Step B: Setting up the Open Liberty repository and workspace.

Complete the following steps to setup your Eclipse environment for your Open Liberty repository and workspace. Ensure that you use the eclipse installation which included Bnd Tools.


Step 1 : Create a fork of open-liberty

Navigate to the open-liberty page and click the Fork button in the top upper right corner and select your account as the location to hold the fork. Already have a fork, you say? Well, click the Fork button anyway, and you will see your existing fork.
You need a fork called named /open-liberty , a fork called was-liberty/open-liberty is not what you need for this step and just shows you are a confused admin.


Step 2 : Setting up the inbound/outbound "triangle"

NOTE: The following highlighted commands are utilized from a Git-Bash command window. Also ensure that you've started your SSH agent.

*TODO: Add "triangle" image

First, create a directory on your local system to hold the source code.

mkdir libertyGit

cd libertyGit

Windows users: Set this config flag to allow file paths to go beyond 260 chars.

git config --global core.longpaths true

Clone the main repository onto your local system via this command. NOTE: We're using git lfs (large file storage) to track some of our large binary files.

git clone git@github.com:OpenLiberty/open-liberty.git

Depending on your network this could take a couple of minutes. If you have any type of failure delete the libertyGit/open-liberty folder and repeat the clone process.

If you run into checkout or SSH issues during the clone, see the Troubleshooting page for help.

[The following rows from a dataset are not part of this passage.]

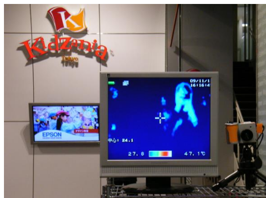
Thermography placed at entrance

Thermography is placed at entrance of KidZania. A nurse stand next to the thermography, and she calls a customer who has higher temperature than normal to measure temperature accurately.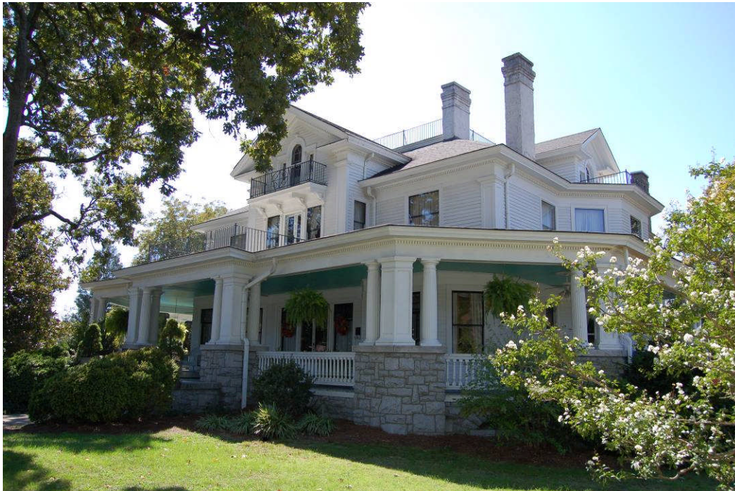
Frank S. Lambeth House, 100 Randolph Street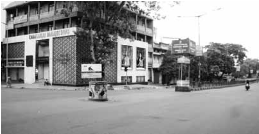
Police intensify vigil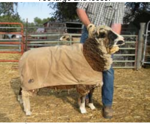
Good and snug; not too tight.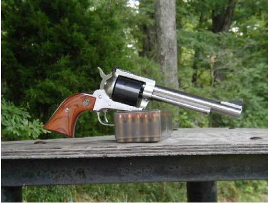
.357 Bain & Davis on a stainless Blackhawk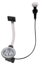
automatic waste fitting 8407 000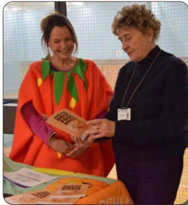
Meeting the food champion who works with FBC to promote the Love Food, Hate Waste campaign.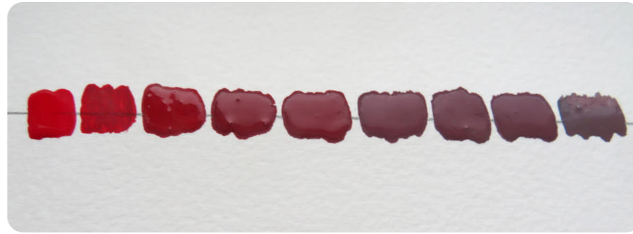
tones of red

A tone is a colour mixed with grey. Tones are less vibrant than the original colour. Using a tonal colour in a painting balances other intense colours and bright hues. When mixing a tone, begin with the pure colour and add grey paint a tiny bit at a time.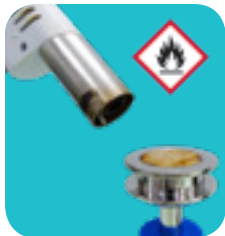
Flaming manifold head

Be careful when installing the funnel on the manifold, you might clip your fingers.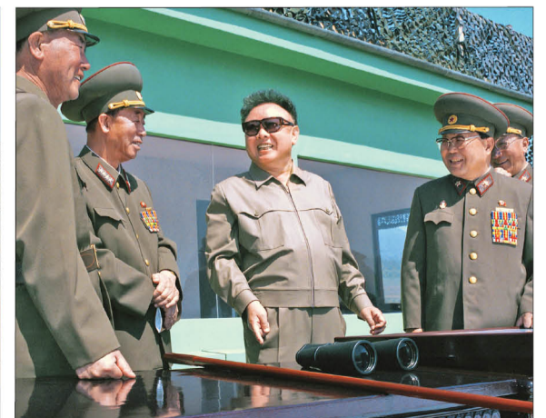
Giving important instructions for the buildup of the Korean People's Army in May 2005.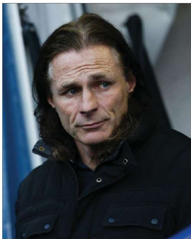
Gareth Ainsworth was not happy with his side's defending as Wycombe lost 3-2 at home against Cambridge

WYCOMBE Wanderers boss Gareth Ainsworth has criticised his side's defending following their shock 3-2 home loss against struggling Cambridge United.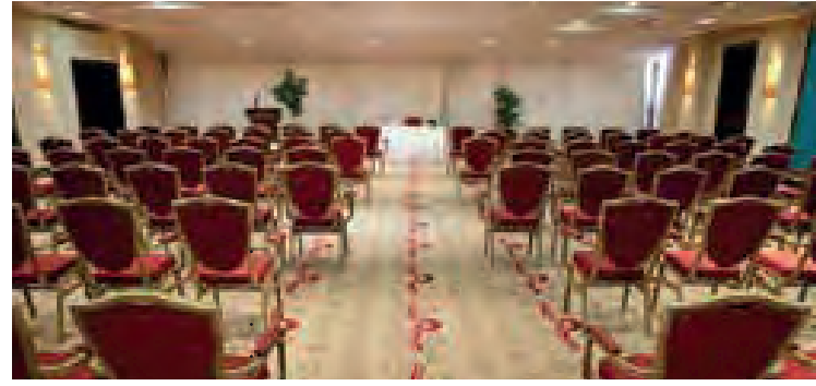
All meeting rooms are flooded with natural light.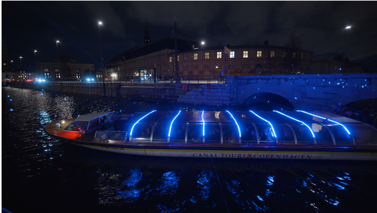
Experience the canals and the light festival with a guide.

Guided tours have been popular in recent editions of the festival. This year we've expanded tour-opportunities to include beer-, wine-, and dance-themed tours, as well as tours offered by Canal Tours, that'll show you the light festival from the vantage point of Copenhagen's classic canals.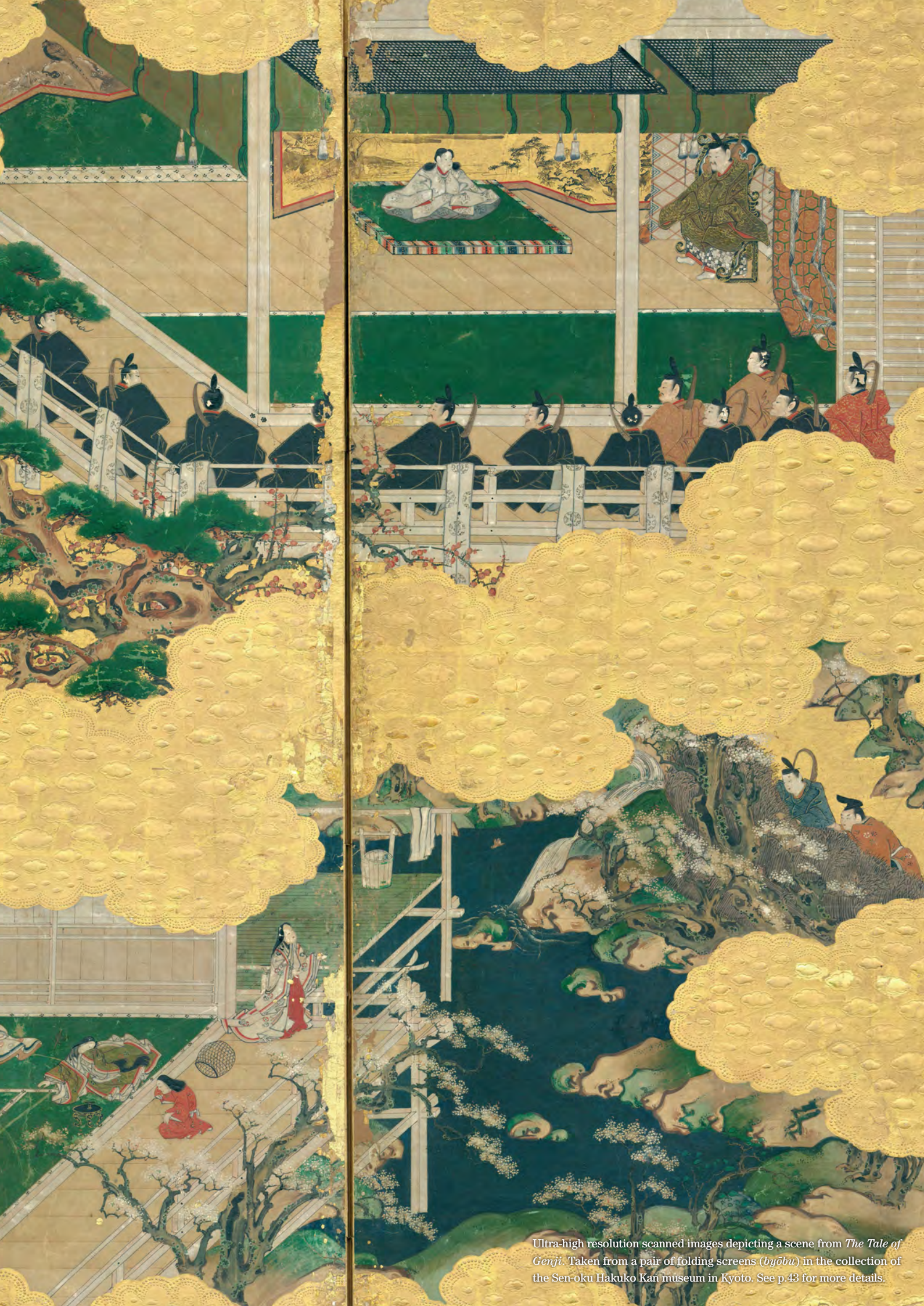
Ultra-high resolution scanned images depicting a scene from The Tale of Genji . Taken from a pair of folding screens ( byōbu ) in the collection of the Sen-oku Hakuko Kan museum in Kyoto. See p.43 for more details.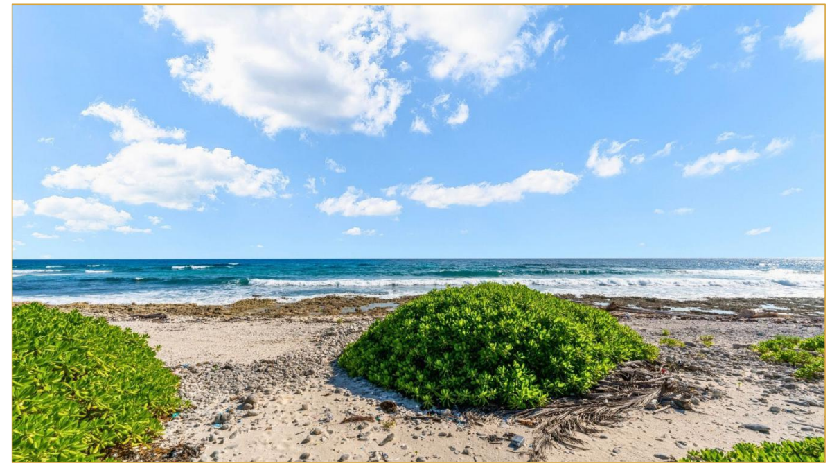
Figure\ 4\ Ground\ Picture\ of\ Azure\ Breeze-Azure\ Breeze\ is\ in\ its\ natural\ state\ which\ is\ untouched\ and\ uncleared.

Next, setup the second side of the triangle via this command (ensure you change <github-user> to your GitHub user name:

cd open-liberty

git remote add my_fork git@github.com:<github-user>/open-liberty.git

Next, configure the local repository to push your commits to the fork repository you created above:

git config remote.pushdefault my_fork

This will now pull from origin, the main repository, and push to the fork, your fork repository.

This option requires at least Git 1.8.4. It is also recommended that you configure

git config push.default simple

unless you are already using Git 2.0 where it is the default.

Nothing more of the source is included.